Structure of the solution field.
In the previous exercise, temperature was treated as a scalar field, meaning each node had only a single associated value. Consequently, there was only one degree of freedom per node. However, when solving for vector fields, multiple degrees of freedom exist at each node because particles can move in multiple dimensions. This is reflected in the structure of the solution vector $u$.
There are different ways to organize the solution vector, but it is crucial to maintain consistency in the chosen structure. One approach is to order by dimension, where all degrees of freedom in the $x$-direction appear first, followed by those in the $y$-direction. Alternatively, we can order by node ID, where each node's $x$- and $y$-components are stored consecutively. We adopt the second approach of node ordering, resulting in the following structure for solution vector $u$:
$$u=\begin{bmatrix} u^0_x\\ u^0_y \\ u^1_x\\ u^1_y\\... \\ u^m_x \\ u^m_y \end{bmatrix}$$
where $u^i_x$ and $u^i_y$ represent the displacement in $x$ and $y$ directions at node $i$ and $m$ is the total number of nodes in the mesh. This structure must be accounted for when assembling the element-level stiffness matrix into the global system matrix $A$.
Step 3. Matrix Assembly¶
Recall that the left hand side of the weak form that we need to accumulate is $$\int_\Omega \textbf{B}^T \textbf{D}\textbf{B} d\Omega $$
Let us now define in more detail what the matrix $\textbf{B}$ and $\textbf{D}$ are.

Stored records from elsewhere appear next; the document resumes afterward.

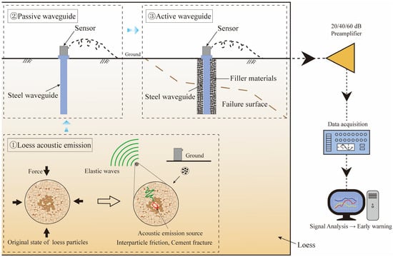 Two types of AE waveguide systems are currently available for slope warning: active and passive waveguides. Passive waveguides are commonly utilized for AE monitoring of rocky slopes. In a study conducted by an Italian scholar [], waveguide rod grout was inserted into rocky slopes to monitor their stability. The study demonstrated that AE monitoring can effectively detect deformation in rocky slopes and that the AE data are sensitive to even minor changes in stress. However, when monitoring soils with AE, active waveguide systems are typically preferred due to the low level of AE signals and considerable attenuation during propagation []. The signals primarily arise from the mutual friction between particles of the fill material [,]. Smith (2017) [] conducted indoor model tests in which an active waveguide was inserted into a large soil sample during shearing, demonstrating that the system could relate measured AE parameters with slope movement velocity, providing early warning information before destabilization. Similarly, Berg (2018) [] used an active waveguide system to monitor slopes, establishing a quantitative relationship between AE parameters and slope movement velocity. This system can be used for early warning. However, collecting sufficient deformation and displacement data to establish the relationship between the AE signal and the moving speed is challenging for loess collapse geohazards. This difficulty is attributed to the weak deformation before damage and its transient nature. Therefore, the active waveguide system suitable for loess collapse must be explored, and the co-evolution relationship between loess collapse development and AE processes must be established.
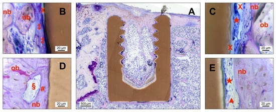 Images of undecalcified cut and ground sections of the PI and SPI group after different time points postoperatively. The sections were histologically stained with a mixture of Giemsa and toluidine blue. (A) Overview image of an uncoated pure PEEK implant (PI) after 8 weeks showing new bone formation around the implant outline. (B–E) Additional detail images with higher magnification focusing on the direct bone-implant contact area for SPI (2 weeks (B) and 8 weeks (D)) and PI (2 weeks (C) and 8 weeks (E)). Note: nb—new bone, ob—old bone, X—preparation artifact, ★—elongated irregular-shaped giant cell, ‡—osteoid, #—osteocyte in contact to the implant surface, §—blood vessel, ▲—fibroblast.
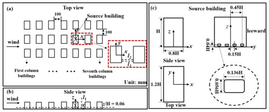 (a) The top view of building model and measurement lines of concentration distribution: (b) The side view of building model and measurement line of wind field; (c) locations and dimensions of the sources.
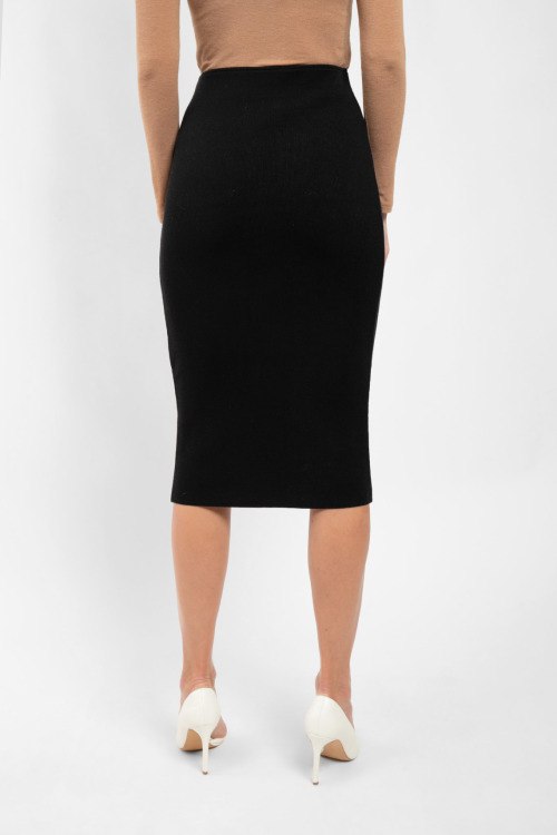 Женская черная юбка из вискозного микса от Vicolo (Виколо). Высокая посадка, эластичная резинка на поясе, облегающий силуэт, ровный низ изделия. Замеры для размера UNI: ширина по поясу: 33 см, ширина по бедрам: 35 см, длина: 75 см.
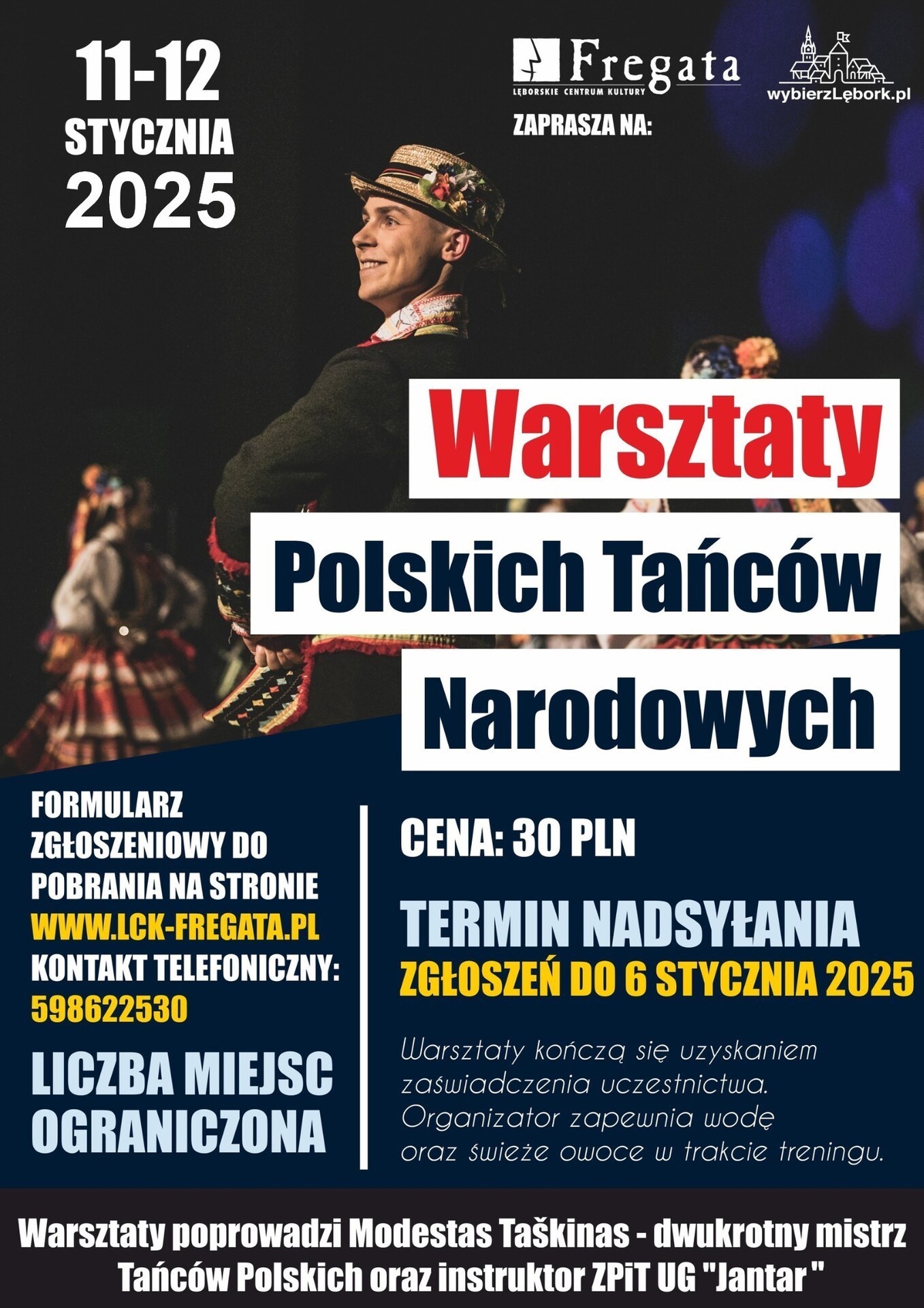 Lęborskie Centrum Kultury "Fregata" zaprasza na zajęcia pod nazwą "Podstawy tańca oraz wprowadzenie do tańca narodowego". Warsztaty odbędą się 11 i 12 stycznia 2025 roku w Stacji Kultura przy ul. Dworcowej 8a (budynek PKP). Nowy cykl zajęć w Lęborskim Centrum Kultury ”Fregata” poprowadzi Modestas Taškinas - tegoroczny mistrz Tańców Polskich, tancerz i instruktor w Zespole Pieśni i Tańca Uniwersytetu Gdańskiego "Jantar".
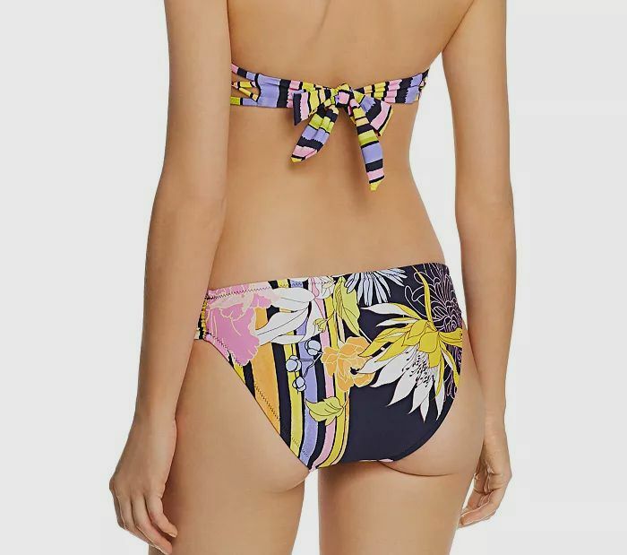 как выглядит 99 Trina Turk Swimwear Women Blue Yellow Floral Shirred Hipster Bikini Bottom 4 фото
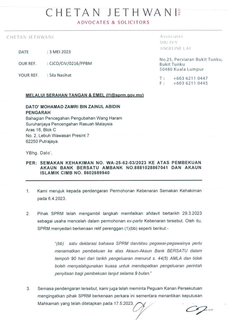 Bagaimanapun, pada 20.4.2023, SPRM mengeluarkan kenyataan media bahawa tanpa menunggu 17 Mei 2023, mereka telah memutuskan untuk merampas akaun bank BERSATU.
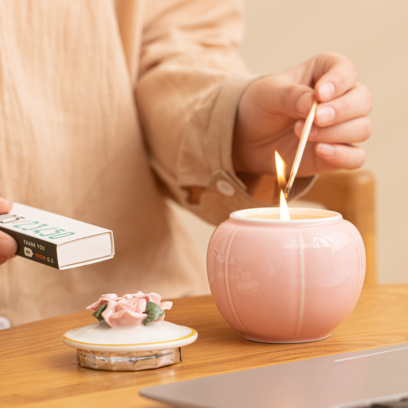 Grosir lilin aromaterapi cangkir keramik lintas batas pabrik lilin cendana lilin kedelai keramik Dekorasi cangkir parfum hadiah
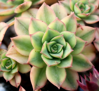 - 에케베리아 (Echeveria): 로제트 형태로 자라며, 꽃처럼 아름다운 잎 모양이 특징입니다. 다양한 색상과 무늬를 가지고 있어 인기가 많습니다. (예: 룬데리, 흑법사, 먼로, 립스틱)
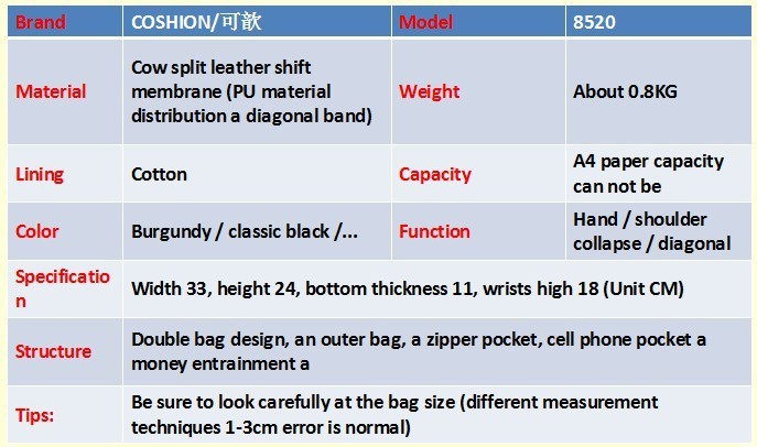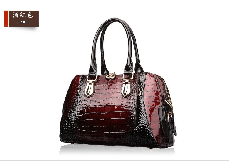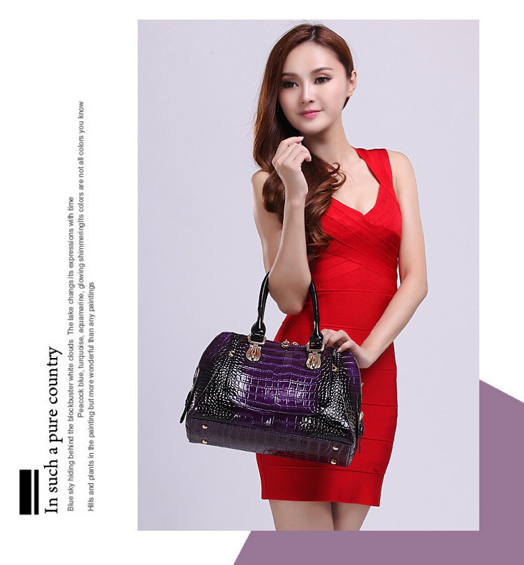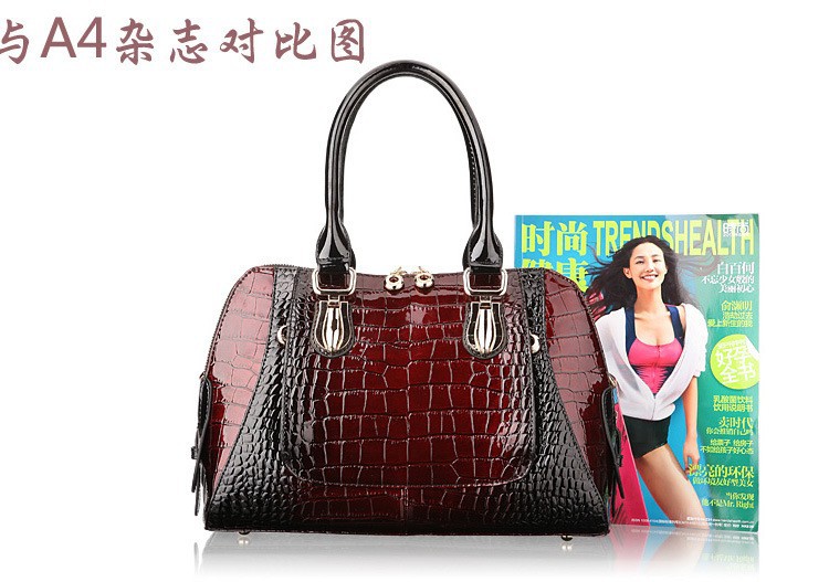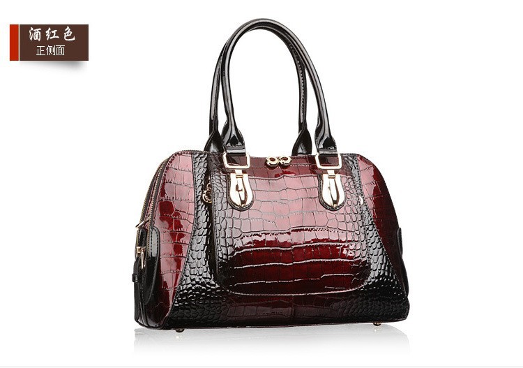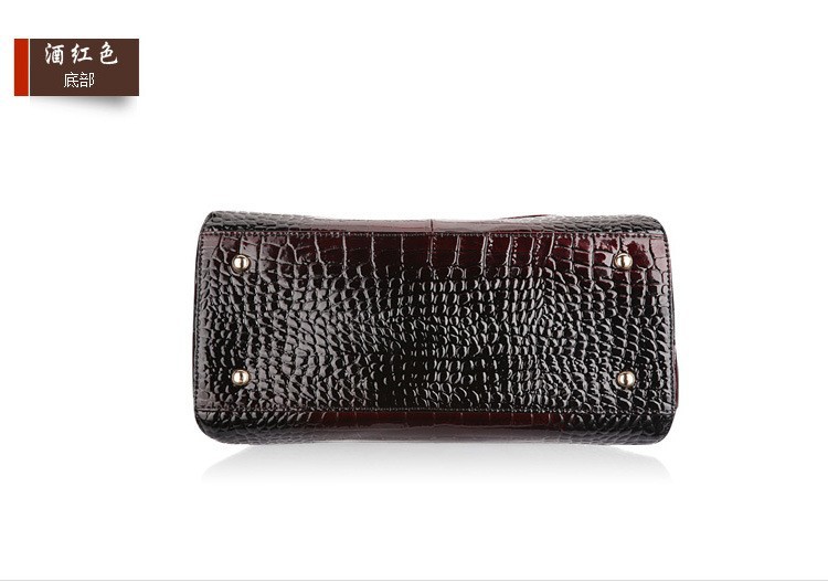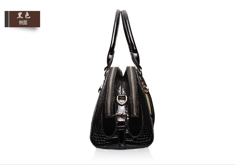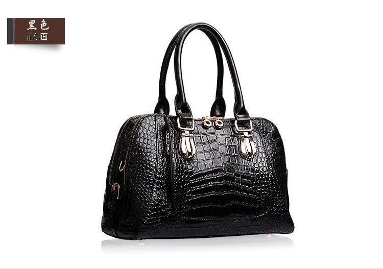 Material: Leather Cortical features: leather Processing methods: Embossing Style: OL commuter Style: handbag, messenger bag, shoulder bag Model: 8502 Luggage shape: a square cross-section Strap root number: double root Openings: Zipper Hardness: the more rigid Popular elements: crocodile Pattern: solid Whether the trade: No Color: purple, black, wine red

From "Problem Description" section we have defined the strain in terms of derivative of displacement using the small strain-displacement relation: $$ \begin{equation} \begin{bmatrix} \varepsilon_{xx} \\ \varepsilon_{yy} \\ \gamma_{xy} \end{bmatrix} = \begin{bmatrix} \frac{\partial}{\partial x} & 0 \\ 0 & \frac{\partial}{\partial y} \\ \frac{\partial x}{\partial y} & \frac{\partial u_y}{\partial x} \end{bmatrix} \begin{bmatrix} u_x \\ u_y \end{bmatrix} \end{equation} =\textbf{Bu} $$ Given that displacement $u$ in any element $e$ can be expressed as the linear combination of the nodes in that element: $$u_x = \sum_{i=0}^n N^i u_x^i$$ where $N^i$ is the shape function local node $i$ and $n$ is the number of nodes in the element. Then the strain matrix above can be rewritten as :
\begin{equation} \begin{bmatrix} \varepsilon_{xx} \\ \varepsilon_{yy} \\ \gamma_{xy} \end{bmatrix} = \begin{bmatrix} \frac{\partial N^1}{\partial x} & 0 & \frac{\partial N^2}{\partial x} & 0 &\cdots& \frac{\partial N^n}{\partial x} & 0\\ 0 & \frac{\partial N^1}{\partial y} & 0 & \frac{\partial N^2}{\partial y} &\cdots& 0 &\frac{\partial N^n}{\partial y}\\ \frac{\partial N^1}{\partial y} & \frac{\partial N^1}{\partial x} & \frac{\partial N^2}{\partial y} &\frac{\partial N^2}{\partial x} &\cdots& \frac{\partial N^n}{\partial y} & \frac{\partial N^n}{\partial x}\\ \end{bmatrix} \begin{bmatrix} u^0_x\\ u^0_y \\ u^1_x\\ u^1_y\\\vdots \\ u^n_x \\ u^n_y \end{bmatrix} = \textbf{B}u \end{equation}
We have also previously defined strain-stress relation as $$\sigma = \textbf{D}\varepsilon$$ where matrix $\textbf{D}$ is
\begin{equation} \textbf{D} = \frac{E(1-\nu)}{(1+\nu)(1-2\nu)} \bigg[ \begin{array}{cc} 1 & \frac{\nu}{1-\nu}\\ \frac{\nu}{1-\nu} & \frac{1-2\nu}{2(1-\nu)} \end{array} \bigg] \end{equation}
where $E$ and $\nu$ are the material properties: the Young's modulus and the Poisson ratio respectively.
Exercise¶
Following the same structure as in part 1. Accumulate for an element $e$ the following equation: $$\int_\Omega \textbf{B}^T \textbf{D}\textbf{B} d\Omega $$
Let Young's modulus be 1,000,000 Pa and Poisson's ratio 0.25 and matrices $\textbf{B}$ and $\textbf{D}$ as defined above. The structure for iterating over each element is given below. Replace the ... placeholder below to complete the code, the following functions in FEM_ module may be useful:
- integrationPoints()
- Jacobian()
- basis_functions_der()
- dN_To2DOF()
- stiffness_matrix_2D()
Note: The solution is available in the red hidden cell titled "Solution" below.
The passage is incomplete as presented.